- Interactive map of Novomykolaivka
- Novomykolaivka Location of Novomykhailivka within Ukraine Novomykolaivka Novomykolaivka (Donetsk Oblast)
- Coordinates: 48°53′13″N 37°22′27″E﻿ / ﻿48.886944°N 37.374167°E
- Country: Ukraine
- Oblast: Donetsk Oblast
- Raion: Kramatorsk Raion
- Hromada: Cherkaske settlement hromada
- Elevation: 139 m (456 ft)

Population (2001 census)
- • Total: 857
- Time zone: UTC+2 (EET)
- • Summer (DST): UTC+3 (EEST)
- Postal code: 84167
- Area code: +380 626
- KATOTTH: UA14120230050045961

= Novomykolaivka, Cherkaske settlement hromada, Kramatorsk Raion, Donetsk Oblast =

Village in Kramatorsk Raion, Ukraine

Novomykolaivka (Новомиколаївка; Новониколаевка) is a village in the Kramatorsk Raion of Donetsk Oblast in eastern Ukraine, at about 101.01 km northwest by north (NWbN) of the centre of Donetsk city.
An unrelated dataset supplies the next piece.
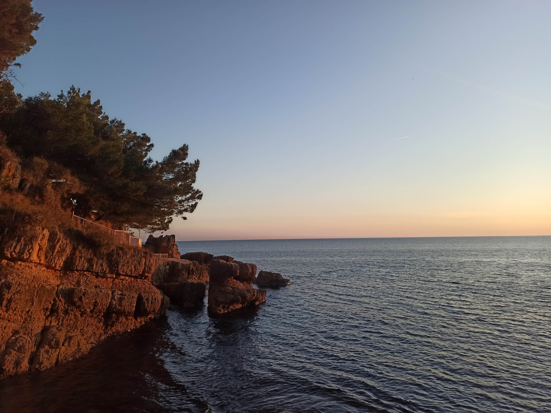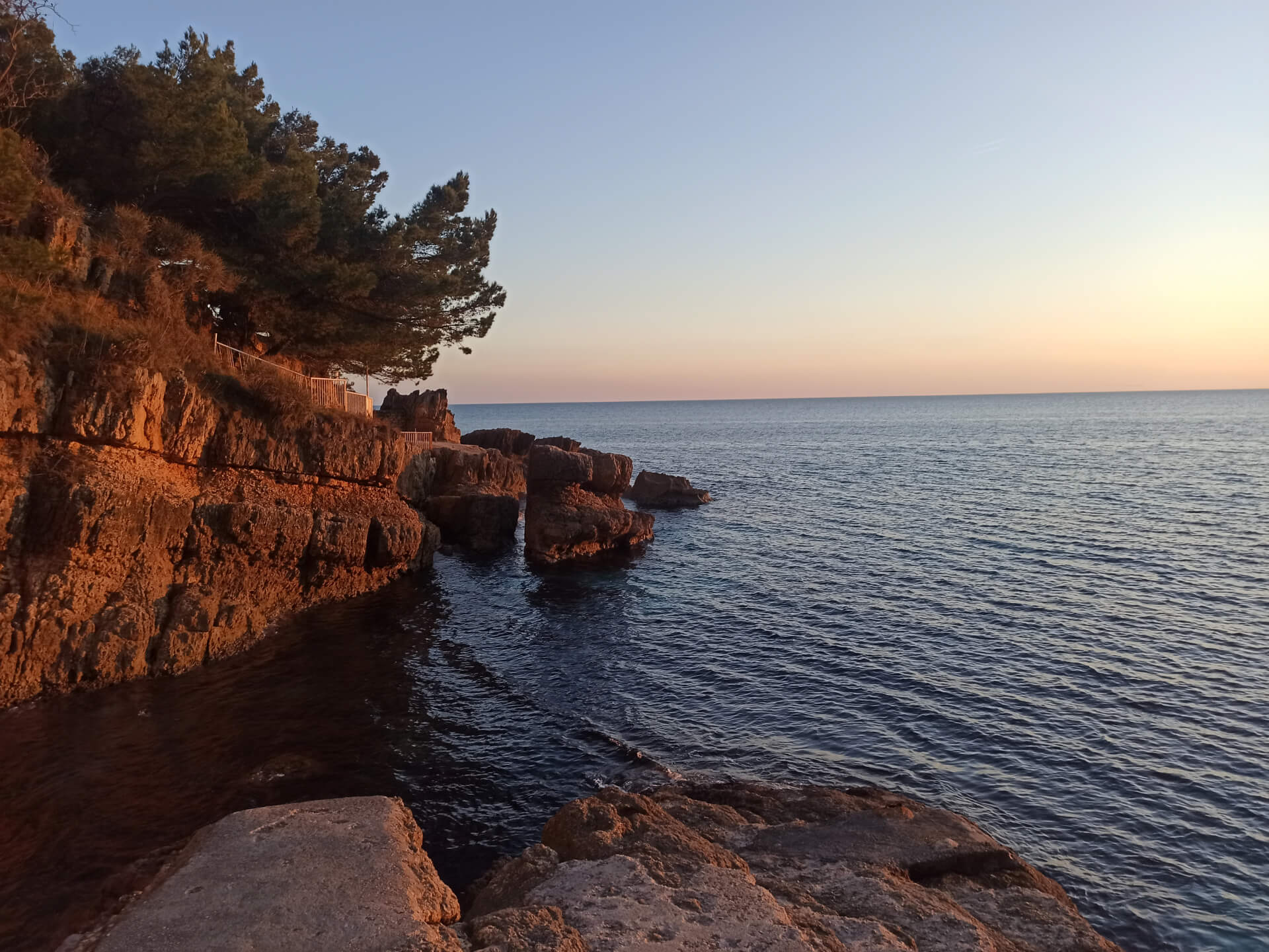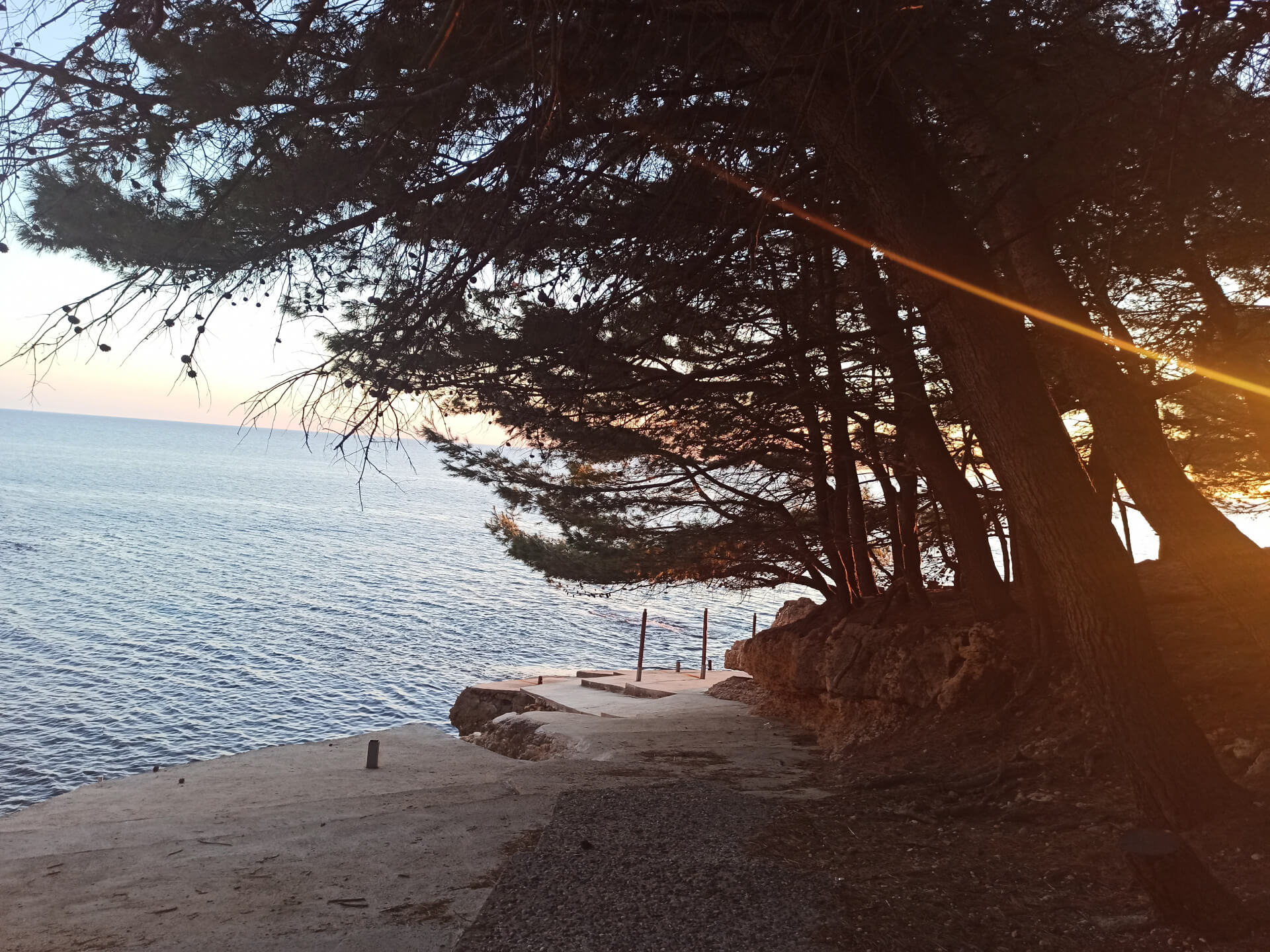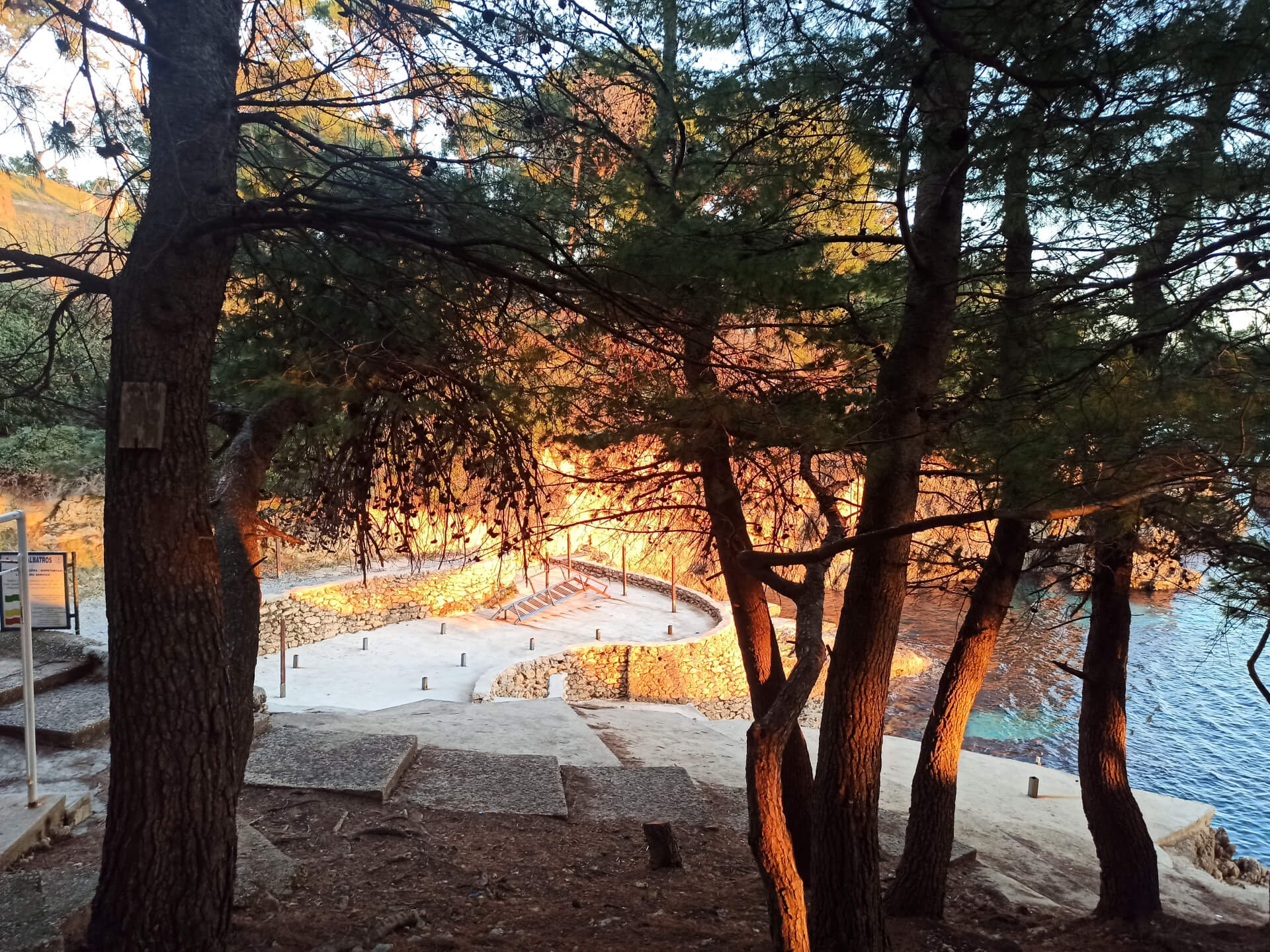 Nude Beaches are extremely lovely in Montenegro. This one is also one of the most cozy and pretty ones. Located near Albatros hotel, it is hidden by rocks and beautiful trees. This is all the needed infrastructure nearby. Concrete platforms have metal stair to the water for comfortable swimming. It is located next to the hiking trail. Beautiful lovely place

It belongs to Cherkaske settlement hromada, one of the hromadas of Ukraine.

== History ==
On 20 August 2015, Novomykolaivka formed a local government association together with other nearby villages called the Cherkaske united territorial community.

== Demographics ==
As of the 2001 Ukrainian census, the settlement had 857 inhabitants, whose native languages were 90.22% Ukrainian and 9.78% Russian.